My conclusion is that we don't need this barrier.

> > > +	/* Allocate RLIMIT_STACK/2 with limits of PAGE_SIZE..2G */
> > > +	size = PAGE_ALIGN(min_t(unsigned long long,
> > > +				rlimit(RLIMIT_STACK) / 2, SZ_2G));
> > > +	return max(PAGE_SIZE, size);
> > > +}
> 
> > So we still have RLIMIT_STACK/2. I thought we got rid of that and just
> > went with RLIMIT_STACK (or I misremember).
> 
> I honestly can't remember either way, it's quite possible it's changed
> multiple times.  I don't have super strong feelings on the particular
> value here.

The half size looks a lot more arbitrary to me than picking the same
size as the stack. So I'd go with RLIMIT_STACK.
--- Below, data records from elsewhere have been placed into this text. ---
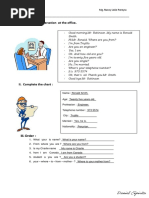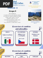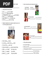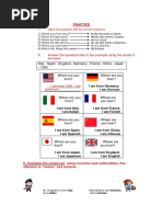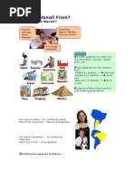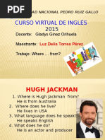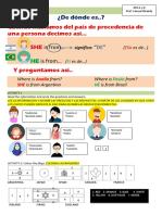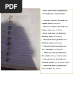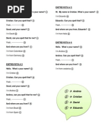 This document contains an English exercise with questions about people's names and where they are from. The exercise includes 6 sections with a question about a person's name and country of origin. The people named are Pedro Suarez Vertiz from Peru, Mercedes Sosa from Argentina, Silvio Rodriguez Dominguez from Cuba, Alberto Plaza from Chile, Alejandro Filio from Mexico, and Joaquin Sabina from Spain. The document provides practice with basic questions and answers in English.
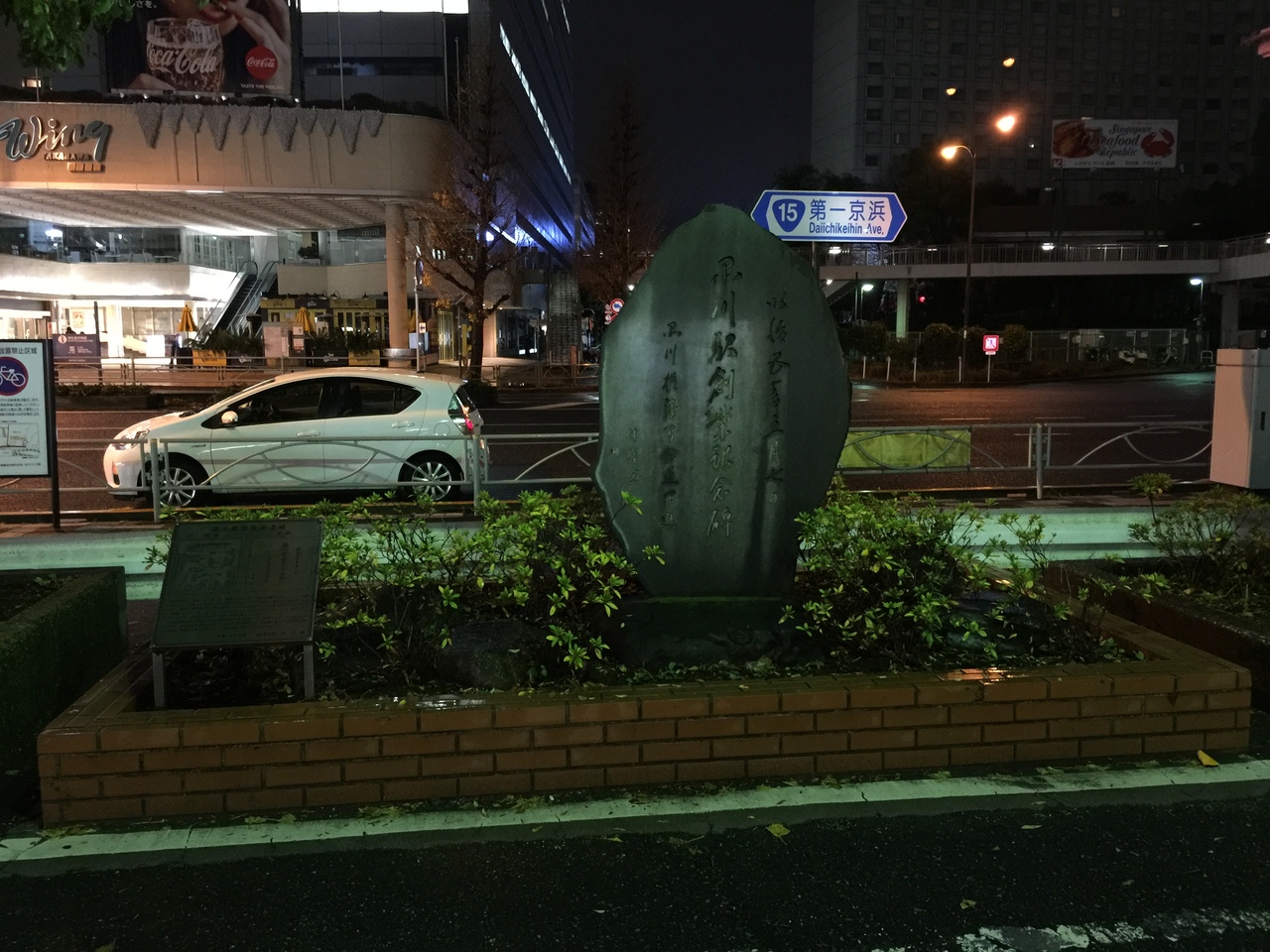 当初は新橋駅から横浜駅までが日本の最初の鉄道の予定でしたが先立って品川駅から横浜駅の区間で営業を開始しました。その記念碑がここです。品川駅は日本最古の鉄道駅と言うことですね。
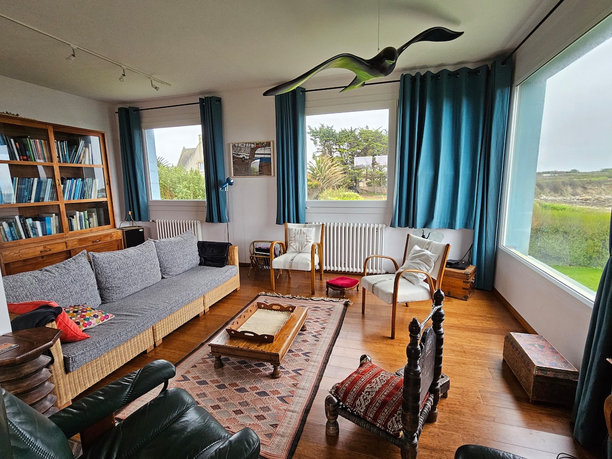 🌊 Duplex con vista sul mare e giardino - Santec, Plage du Théven Splendido appartamento duplex al 3° piano (senza ascensore) di un condominio storico, di fronte a Plage du Théven a Santec. L'appartamento vanta una vista panoramica sul mare, un accesso privato diretto alla spiaggia tramite un cancello sicuro e un giardino privato di 100 m² con tavolo di fronte all'oceano.
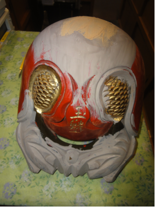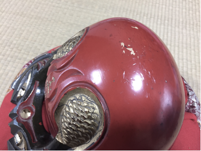 木魚がバイで叩く箇所が傷付いてへこんでいたので、下地で平らにしてペーパーをかけて塗替えをして仕上げに金箔を施しました。
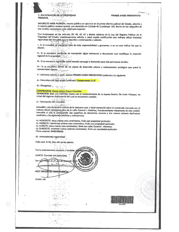 En todas sus adquisiciones Zayún González presenta patrones comunes que generan sospechas de simulaciones, entre ellos el uso reiterado de las notarias públicas 21 y 23 de San Luis Potosí, pagos en efectivo, cheques sin respaldo crediticio, posible subvaluación y registro de donaciones entre sus familiares.
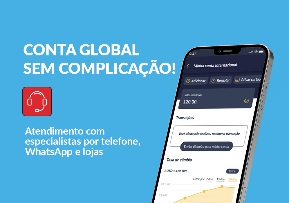 A Conta Global é uma carteira eletrônica em moeda estrangeira que possibilita uma maneira prática de administrar seu saldo em diversas moedas e de realizar pagamentos com um cartão virtual VISA Platinum.
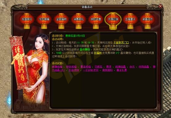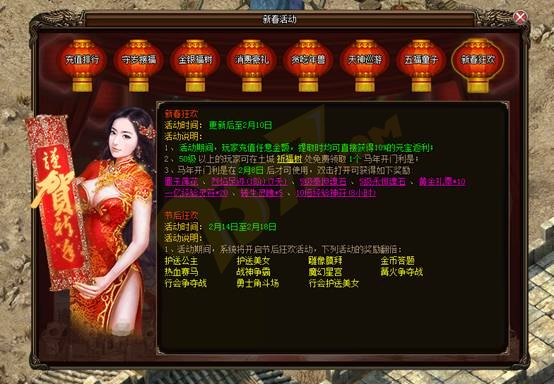 活动内容:活动期间,每天11:30和19:30,天神将出现在王城皇宫门口,并开始巡视人间。天神巡游期间,玩家可跟随着天神巡游,并捡取天神洒落的奖励。玩家可以在天神附近燃放喜庆鞭炮,将有可能获得天神的嘉奖。50级以上的玩家每天可以在土城祈福树处免费领取2个喜庆鞭炮,也可以直接购买或通过其他线上活动获得。
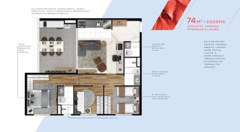 O apartamento de 74m² foi cuidadosamente planejado para oferecer funcionalidade e bem-estar. São 3 dormitórios, sendo 1 suíte, 2 banheiros, lavabo, home office, área de serviço, 1 vaga, infraestrutura para ar-condicionado e ambientes integrados que ampliam cada espaço. A varanda gourmet é o ponto alto, ideal para receber e desfrutar de momentos especiais.
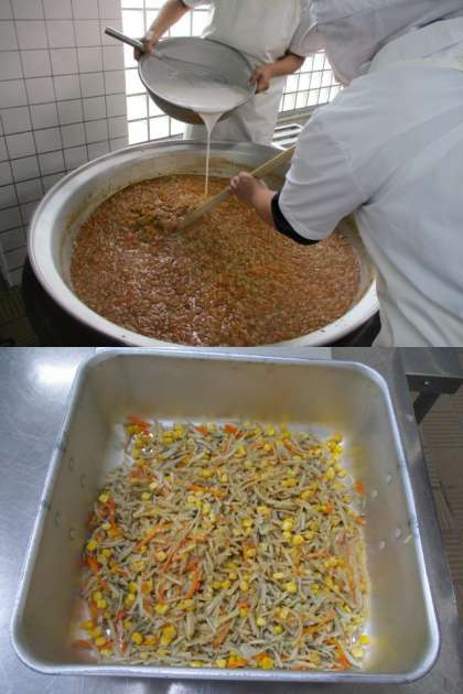 今日は,カレールウを使わずに,カレー粉・クミン・ローリエで味を調えて,米粉でとろみをつけました。小麦粉アレルギーの児童へ配慮したカレーライスです。
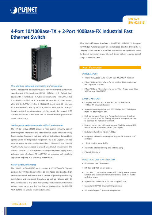 4ポート10/100Base-TX+2ポート100Base-FX,-10-60℃

> > > +static bool gcs_consume_token(struct mm_struct *mm, unsigned long user_addr)
> > > +{
> 
> > As per the clone3() thread, I think we should try to use
> > get_user_page_vma_remote() and do a cmpxchg() directly.
> 
> I've left this as is for now, mainly because it keeps the code in line
> with x86 and I can't directly test the x86 code. 

I thought for the clone3() x86 code we'll need the remote vma, so we
have to use the get_user_page_vma_remote() API anyway.

> IIRC we can't just do
> a standard userspace cmpxchg since that will access as though we were at
> EL0 but EL0 doesn't have standard write permission for the page.

Correct but GUP goes through the kernel mapping, not the user one. So
get_user_page_vma_remote() returns a page and you just do a classic
cmpxchg() at page_address() (plus some offset).

-- 
Catalin